WHAT YOU WILL DO:
Reproduce exactly, from the data that follows, the line with "(Trying to avoid", the line with "La emocionante atmósfera", and every line that lies between them.

SUPPLIED MATERIAL:
• • • • • • •

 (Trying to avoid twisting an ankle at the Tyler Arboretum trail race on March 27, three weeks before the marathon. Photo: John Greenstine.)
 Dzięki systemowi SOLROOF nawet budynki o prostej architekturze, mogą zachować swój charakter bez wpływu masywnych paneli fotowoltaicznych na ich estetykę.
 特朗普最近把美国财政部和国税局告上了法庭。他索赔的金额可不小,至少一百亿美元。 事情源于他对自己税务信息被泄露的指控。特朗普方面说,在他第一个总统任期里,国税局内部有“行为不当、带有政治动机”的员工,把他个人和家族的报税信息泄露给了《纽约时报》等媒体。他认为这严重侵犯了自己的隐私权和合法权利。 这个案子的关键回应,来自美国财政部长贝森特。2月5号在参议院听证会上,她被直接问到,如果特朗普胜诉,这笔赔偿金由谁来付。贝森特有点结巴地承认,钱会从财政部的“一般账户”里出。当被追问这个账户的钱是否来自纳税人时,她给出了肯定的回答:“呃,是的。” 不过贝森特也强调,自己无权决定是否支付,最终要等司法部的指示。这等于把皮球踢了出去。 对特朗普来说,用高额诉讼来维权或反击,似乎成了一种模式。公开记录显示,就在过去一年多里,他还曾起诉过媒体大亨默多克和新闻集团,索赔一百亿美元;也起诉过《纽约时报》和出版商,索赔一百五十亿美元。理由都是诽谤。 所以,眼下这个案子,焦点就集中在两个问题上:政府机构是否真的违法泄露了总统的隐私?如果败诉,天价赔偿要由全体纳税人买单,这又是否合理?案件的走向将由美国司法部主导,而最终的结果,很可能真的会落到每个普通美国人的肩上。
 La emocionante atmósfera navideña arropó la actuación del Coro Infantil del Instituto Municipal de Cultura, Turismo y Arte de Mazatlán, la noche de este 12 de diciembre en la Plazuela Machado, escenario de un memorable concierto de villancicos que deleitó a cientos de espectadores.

• • • • • • •

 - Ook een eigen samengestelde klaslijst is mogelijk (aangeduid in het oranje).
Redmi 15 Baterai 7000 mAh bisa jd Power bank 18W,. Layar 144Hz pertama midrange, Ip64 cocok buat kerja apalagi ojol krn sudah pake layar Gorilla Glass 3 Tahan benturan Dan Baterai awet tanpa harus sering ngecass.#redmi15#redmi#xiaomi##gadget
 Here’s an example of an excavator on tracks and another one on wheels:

• • • • • • •

REPLY TO THE TASK:
 (Trying to avoid twisting an ankle at the Tyler Arboretum trail race on March 27, three weeks before the marathon. Photo: John Greenstine.)
 Dzięki systemowi SOLROOF nawet budynki o prostej architekturze, mogą zachować swój charakter bez wpływu masywnych paneli fotowoltaicznych na ich estetykę.
 特朗普最近把美国财政部和国税局告上了法庭。他索赔的金额可不小,至少一百亿美元。 事情源于他对自己税务信息被泄露的指控。特朗普方面说,在他第一个总统任期里,国税局内部有“行为不当、带有政治动机”的员工,把他个人和家族的报税信息泄露给了《纽约时报》等媒体。他认为这严重侵犯了自己的隐私权和合法权利。 这个案子的关键回应,来自美国财政部长贝森特。2月5号在参议院听证会上,她被直接问到,如果特朗普胜诉,这笔赔偿金由谁来付。贝森特有点结巴地承认,钱会从财政部的“一般账户”里出。当被追问这个账户的钱是否来自纳税人时,她给出了肯定的回答:“呃,是的。” 不过贝森特也强调,自己无权决定是否支付,最终要等司法部的指示。这等于把皮球踢了出去。 对特朗普来说,用高额诉讼来维权或反击,似乎成了一种模式。公开记录显示,就在过去一年多里,他还曾起诉过媒体大亨默多克和新闻集团,索赔一百亿美元;也起诉过《纽约时报》和出版商,索赔一百五十亿美元。理由都是诽谤。 所以,眼下这个案子,焦点就集中在两个问题上:政府机构是否真的违法泄露了总统的隐私?如果败诉,天价赔偿要由全体纳税人买单,这又是否合理?案件的走向将由美国司法部主导,而最终的结果,很可能真的会落到每个普通美国人的肩上。
 La emocionante atmósfera navideña arropó la actuación del Coro Infantil del Instituto Municipal de Cultura, Turismo y Arte de Mazatlán, la noche de este 12 de diciembre en la Plazuela Machado, escenario de un memorable concierto de villancicos que deleitó a cientos de espectadores.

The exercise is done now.